Stop codons for termination are UAA, UGA, UAG, and there are no tRNAs to accomodate these stop codons. Instead, release factors (RFs) recognise these codons. 1. RFs bind to stop codon on P site to bridge two subunits 2. RFs break the ester linkage between tRNA and the polypeptide chain in the P site and polypeptide is released 3. tRNA, ribosome, and mRNA complex dissociates and can be reused

8.03 Identify the common RNA pol II promoter elements and describe their role in initiating transcription

TATA box Located -25 at 5' end (upstream), and can be significantly impaired by a single bp mutation CAAT and GC box Located -40 to -150 upstream of start site, and can be found on either template or coding strand. These are common in constitutive expression where a gene is always expressed in the cell.

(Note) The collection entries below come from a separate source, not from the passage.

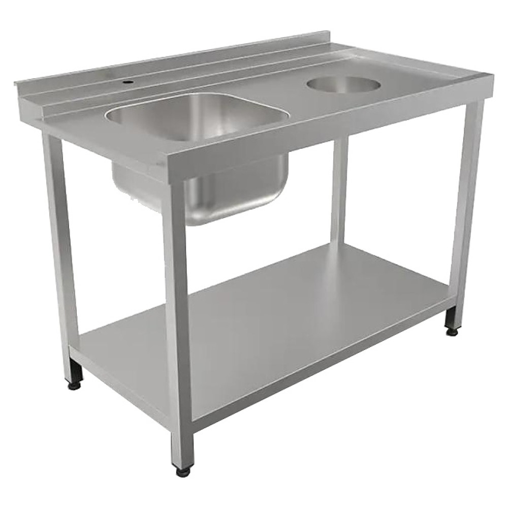 Входной стол для посудомоечной машины Кобор СПМ/4-120/70/Л используется на предприятиях общественного питания и торговли. Модель оснащена бортом, отверстием под смеситель, полкой в нижней части и отверстием для сбора отходов. Сварной каркас выполнен из нержавеющей трубы, столешница - из нержавеющей стали AISI 430, усиление - из ЛДСП.
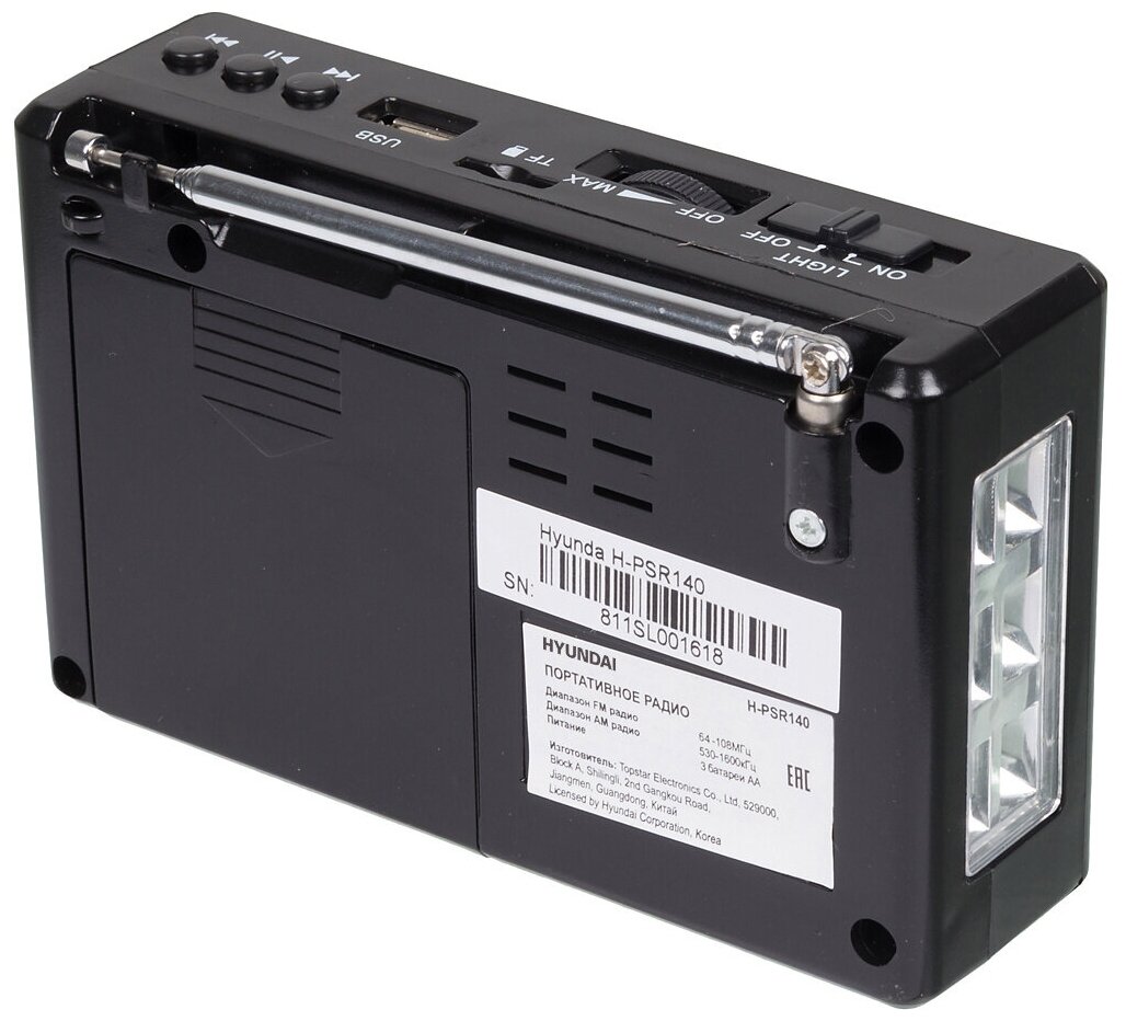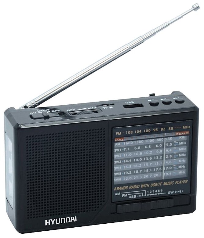 Hyundai - портативный радиоприемник с аналоговым тюнером. В этой модели объединены современное радио FM-диапазона и удобный цифровой MP3-плеер. Радиоприемник оснащен встроенной телескопической антенной,разъемом для подключения наушников, разъемом USB, а также слотом для карты памяти microSD. Мощность динамика обеспечивает качественное и громкое звучание популярных композиций. Три батарейки типа АА позволяют приемнику работать автономно.
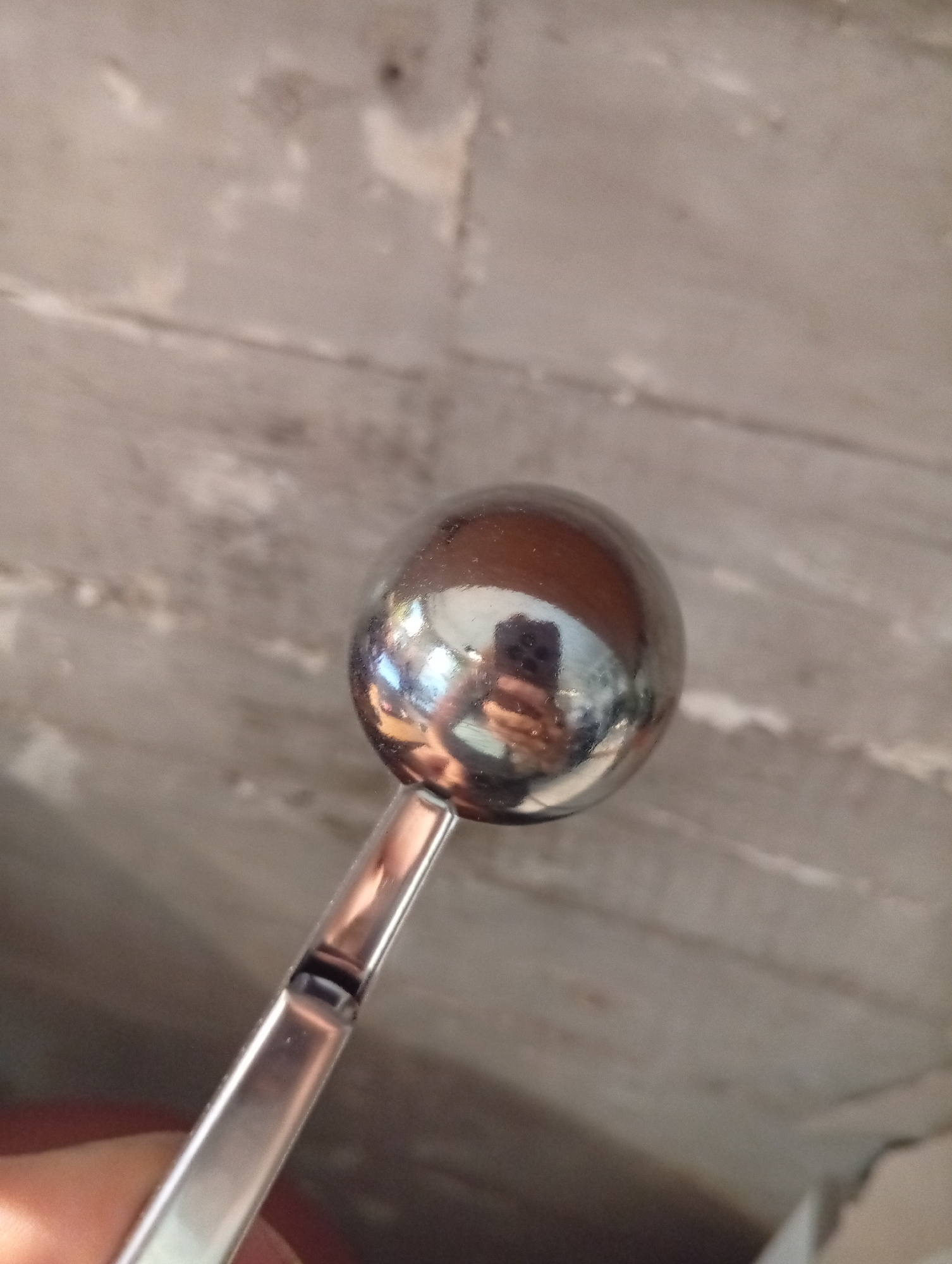 A close-up photograph shows a chrome-plated spherical object attached to a slender, square-profiled handle. The spherical object has a highly reflective surface, mirroring the surrounding environment…read more
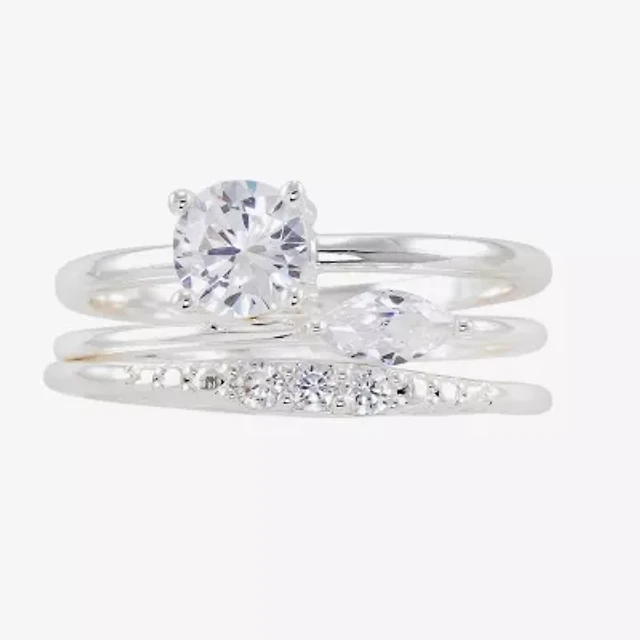 Sparkle Allure Womens Cubic Zirconia Pure Silver Over Brass Ring Set
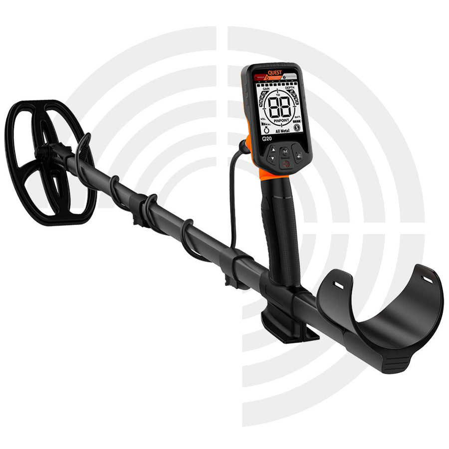 Der Quest Q20 Metalldetektor zeichnet sich durch eine gute Leistung, sehr einfacher Bedienung und einem ergonomischen und modernem Design aus. Mit dem großen Display hat man alle Angaben immer im Blick. Er verfügt über alle wichtigen Funktionen einschließlich Eisen-Diskrimination, ID Leitwert und auch eine Punktortungsfunktion (Pinpoint). Der Quest hat eine scharfe und schnelle Reaktionsgeschwindigkeit und ist in der Lage zu erkennen, ob es sich um mehrere Objekte handelt. Die Chance ist sehr hoch, dass man kein Objekt mehr überläuft!
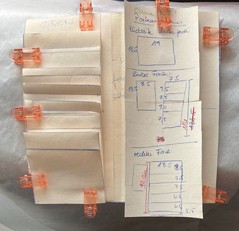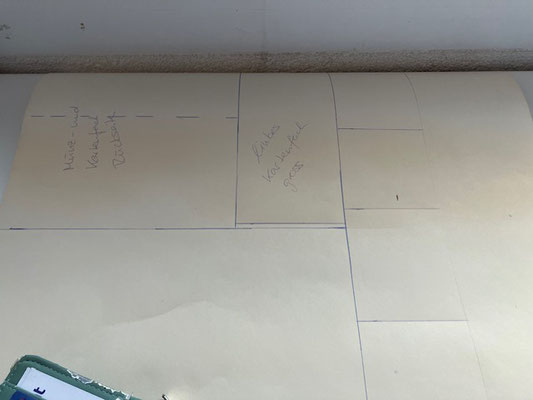 Leider habe ich nicht gedacht, dass der Stoff so „lebendig“ ist und schwierig zum Zuschneiden - aber es ist geschafft; die Schnittteile sind alle geschnitten und ich bin dabei, den Rock in Falten zu legen.
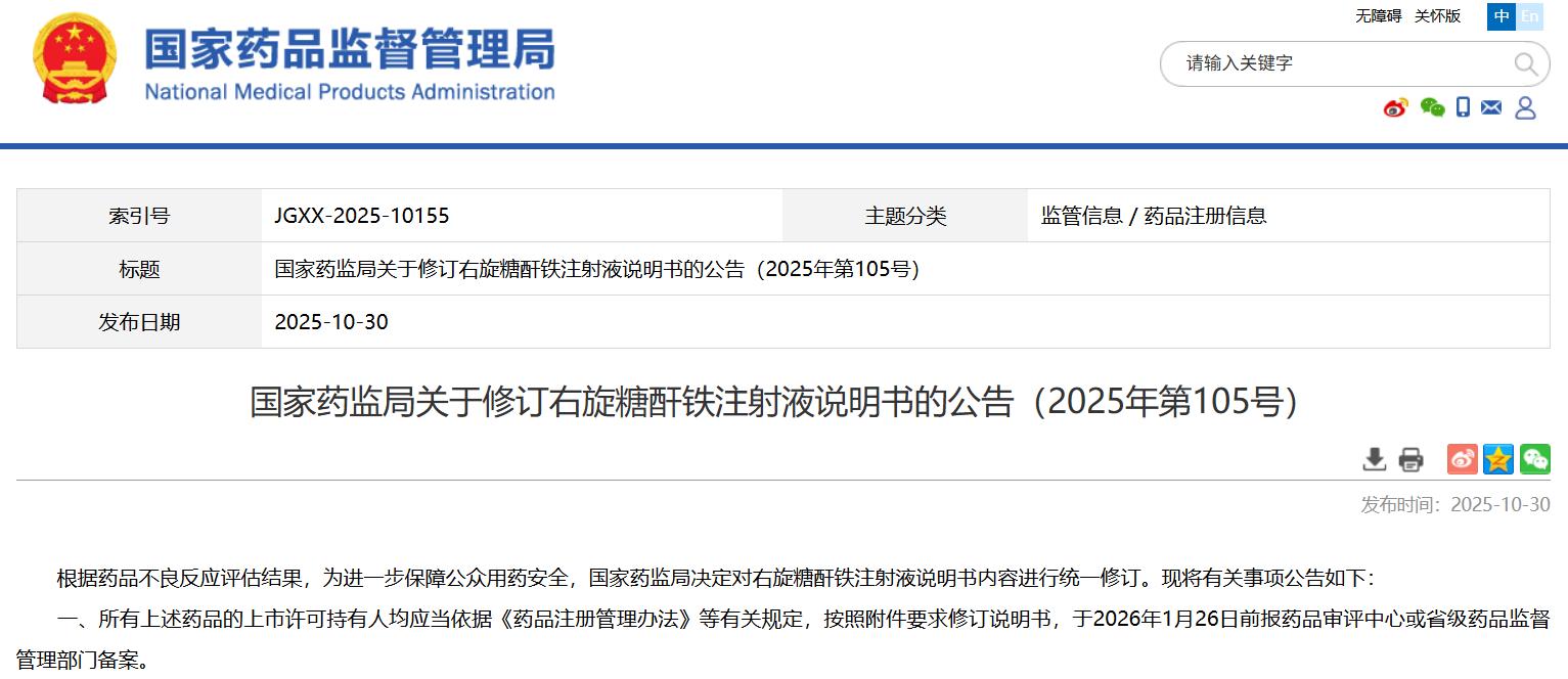 國家藥監(jiān)局關于修訂右旋糖酐鐵注射液說明書的公告(2025年第105號)

Initiator element Centred at +1, can compensate for absent or degenerate TATA box Downstream promoter element Centred at +30, and commonly found in genes that lack the TATA box

4.08 Explain why telomerase is an attractive drug target for cancer treatments

Telomerase is active in highly differentiating cells in the body such as germ-line cells and highly proliferative stem cells to facilitate rapid replication. This also occurs in 80-90% of all cancers, and targeting telomerase in these cells may inhibit their indefinite replication capacity. Strategies include - Targeting the RNA component of telomerase in these tissues with antisense oligodeoxynucleites and RNaseH - reverse transcriptase inhibitors (e.g. AZT) - inhibitors of catalytic subunit

4.07 What is telomerase? Predict the implications of telomerase activity

Telomersase is a ribonucleoprotein with protein and RNA components that recognises the overhang of the two DNA strands after replication. - protein component is reverse transcriptase - RNA component acts as a template for repairing telomeres Implications of telomerase activity may be immortality, indefinite terminal differentiation --> indefinite hayflick limit, which dictates that cells will replicate a finite number of times inducing replication erosion and then suffer cell death --> see HeLa cells - cervical cells that survived Henrietta Lacks for ~50 years --> see Dolly the sheep, who was cloned from an older sheep but exhibited characteristics of an older sheep at ~6 y/o

5.11 Interpret and troubleshoot PCR data

The A260:A280 ratio can be used to check the purity of a DNA sample from a PCR reaction for protein contamination. A260:A280 > 1.8 is considered pure.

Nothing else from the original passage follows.